Abbreviations: CI, confidence interval; NLR, neutrophil–lymphocyte ratio; OR, odds ratio.

Discussion

In this study, elevated baseline NLR (≥ 4.3) was an independent factor associated with higher odds of baseline brain metastasis in stage IV NSCLC (OR: 1.6, 95% CI: 1.2–2.2; p  = 0.0042) ( Table 3 ). To our knowledge, this is the largest study showing association between higher levels of NLR and presence of baseline brain metastasis in stage IV NSCLC.

The brain is one of the most common sites for lung cancer metastasis. 1 3 Using simple tests such as CBC and differential white cell count to predict presence of baseline brain metastasis, and potentially assessing the likelihood of subsequent development of brain metastasis, could have an important impact on NSCLC management. Surveillance for brain metastasis through more frequent brain imaging and consideration for prophylactic cranial irradiation in NSCLC patients 19 with high NLR could be an attractive area for future research.

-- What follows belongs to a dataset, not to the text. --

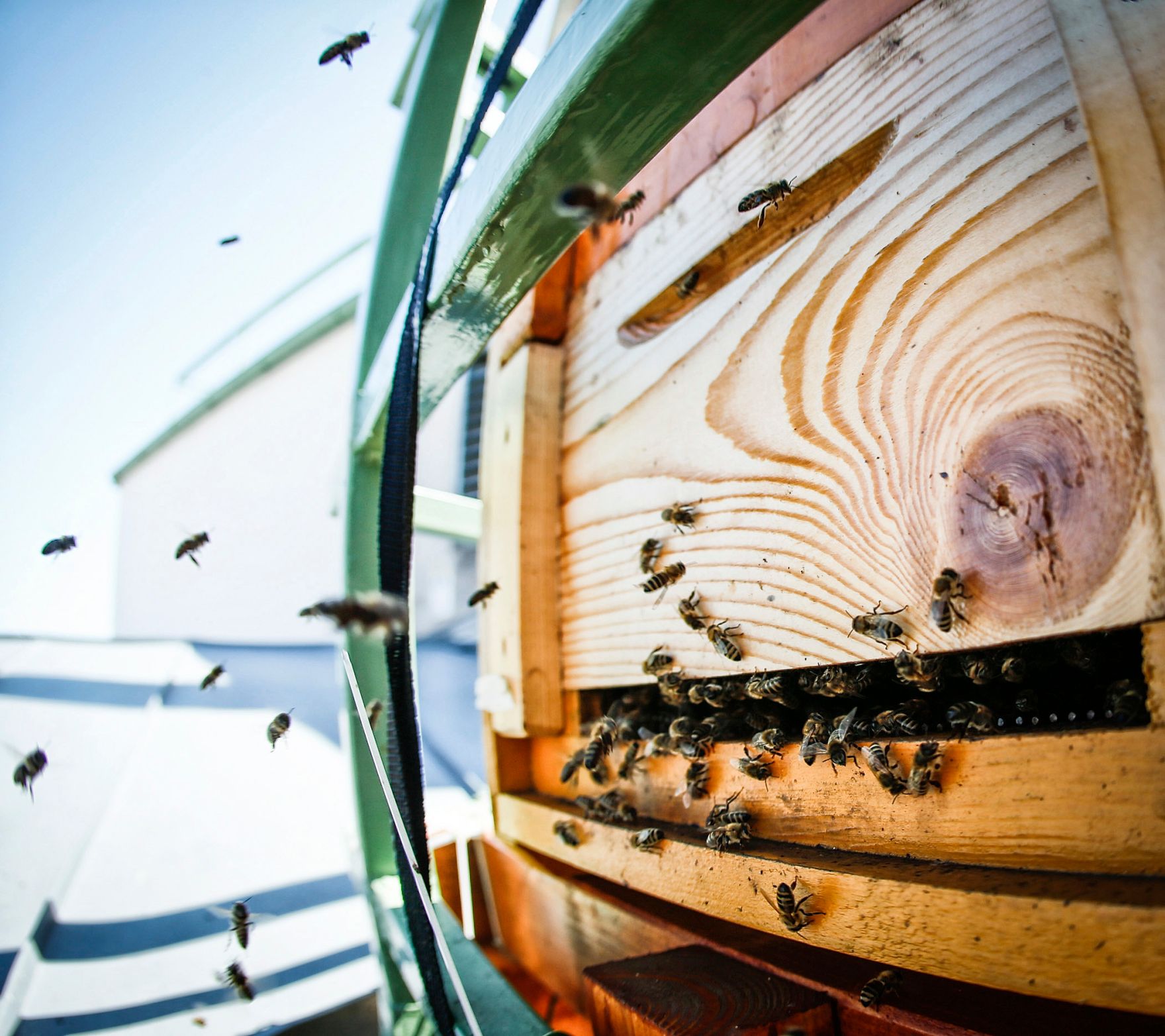 Bienen bei einem Bienenstock auf dem Dach des Bundeskanzleramtes.

Treatment of brain metastasis in NSCLC includes radiation, TKIs, and rarely surgery. Although NLR was shown to predict response to immunotherapy in stage IV NSCLC, 20 whether NLR correlates with brain metastasis response to treatment is unknown. Whole brain radiation or stereotactic radiosurgery is the most commonly used approach to treat brain metastasis. Recently, new-generation EGFR and ALK TKIs are showing promising results in treating brain metastasis in small subsets of genetically driven NSCLC patients. 21 22 New reports are also showing responses and prolonged control of brain metastasis in NSCLC patients receiving immunotherapy. 23 A major advancement in the management of stage IV NSCLC will be achieved if NLR is confirmed to be a predictor of brain metastasis response to immunotherapy or other available treatments, given the dramatic progress in the immunotherapy field nowadays. 24

Limitations of this study include the retrospective nature of the data collected with all cases coming from one cancer center, unknown EGFR or ALK status, and no data on survival metrics.

Conclusion

Elevated baseline NLR might be associated with baseline brain metastasis in stage IV NSCLC. This inflammatory-brain metastasis association is worthy of further studying in prospective trials, and might be used as a stratification tool to assess the need for more frequent brain surveillance imaging, and consideration of prophylactic cranial irradiation in stage IV NSCLC with high NLR. It is unknown if high NLR is predictive of brain metastasis response to treatments such as immunotherapy that is also an important area for future research.